Escape rooms, for those unfamiliar, are essentially giant, physical puzzles you try to solve in order to escape the room. That sometimes includes actual locks with keys you have to find. So wait — an escape room, based on a video game franchise that inspired a series of very (ed. note: this seems like a stretch, but sure) successful films? Join us.
Jamie Loftus: As everyone knows, puzzle rooms are the alternative for recovering sorority girls because their houses are overrun with paintings of sterile sunsets from the Paint Nites they go to with their sterile boyfriends.
Matt Kim: As far as I knew, puzzle rooms were the new go-to group activity in LA, right after karaoke. There was one based on a popular game that my friends went to a few months back. I don’t remember if they invited me, but to be perfectly fair I probably wouldnt have gone anyways.
Not this time. For Resident Evil’s 20th anniversary, iam8bit was hosting a special preview of their upcoming Resident Evil-themed puzzle room, and I was down. Getting a rare chance to do this with an Inverse coworker was a bonus.
Jamie: I’m glad that Matt was there because being in a room full of sweaty dude game writers really triggers my seasonal affective disorder. Also, I have never played Resident Evil.
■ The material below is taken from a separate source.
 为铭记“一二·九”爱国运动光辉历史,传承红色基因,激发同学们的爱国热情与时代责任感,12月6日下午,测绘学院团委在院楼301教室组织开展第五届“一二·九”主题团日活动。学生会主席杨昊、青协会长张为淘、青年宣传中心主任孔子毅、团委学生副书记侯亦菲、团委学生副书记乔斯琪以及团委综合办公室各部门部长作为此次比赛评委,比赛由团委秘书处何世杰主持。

A rep at the event coerced both of us into playing a sample level from the new Resident Evil game in VR, and even though Matt told me he heard it gave you motion sickness, he was still quick to throw me under the bus and insist that I do it first. It did not give me motion sickness, but it did make me cry because there was a zombie that stabbed me in the leg in three dimensions. This, I do not need. The only thing I need less are the quiet phlegm-clogged chuckles of the sweaty game writers in the room when I yelp.
Then, we’re let into the escape room.
Matt: The set dressing was an amalgam of the various games in the series, from the mansion setting of the first game, to the police departments of Resident Evil 2 and 3, and Umbrella corporation laboratories. There was even some set dressings from the upcoming Resident Evil 7.
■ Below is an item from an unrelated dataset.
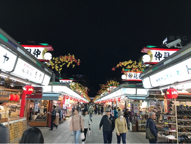 It was already dark outside, so we just went out a couple of subway stops away to Senso-ji, Tokyo’s biggest and oldest Buddhist temple. I succeeded in buying Pasmo cards from a counter at the subway station entirely in Japanese; I kinda preferred the Suica because it has a penguin on it instead of a tram, but it’ll do! (Pasmo and Suica are both Tokyo’s Oyster card, the contactless cards you use to pay your fare in subways and buses. Most of our transportation needs here will be covered by the JR Pass, but sometimes the subway’s the best route.)

Jamie: The concept of an escape room is really cool, and the fluidity of moving from room to room went smoothly. This is the best day that many of the phlegm-y writers will ever have, so Matt and I backed off and worked on the fringes. Essentially, we were looking for a series of codes to crack padlock codes, open trunks and doors, and reach the end of the training module.
From what I could tell, there weren’t many spoilers for the new Resident Evil embedded in the escape room, and it was instead a nice tribute for longtime fans of the franchise. That said, not being an RE person myself, having wisely sunk those years into Degrassi reruns and men who did not deserve me, there wasn’t any prior knowledge needed to get through the experience.
Matt: I think ultimately what surprised me the most was how natural teamwork came into play. I honestly feared going in that it would be like a group project from high school where the heavy lifting would be immediately taken on by the bossy types.
Jamie: Matt and I are major betas.
Matt: Instead, it was a nice affirmation that strangers can play nice with each other. I’ll probably try and wrestle a group of friends to try out some more puzzle rooms in the future, but six is kind of a high bar for friends, so maybe not.
Jamie: I, too, do not have enough friends to go to an escape room.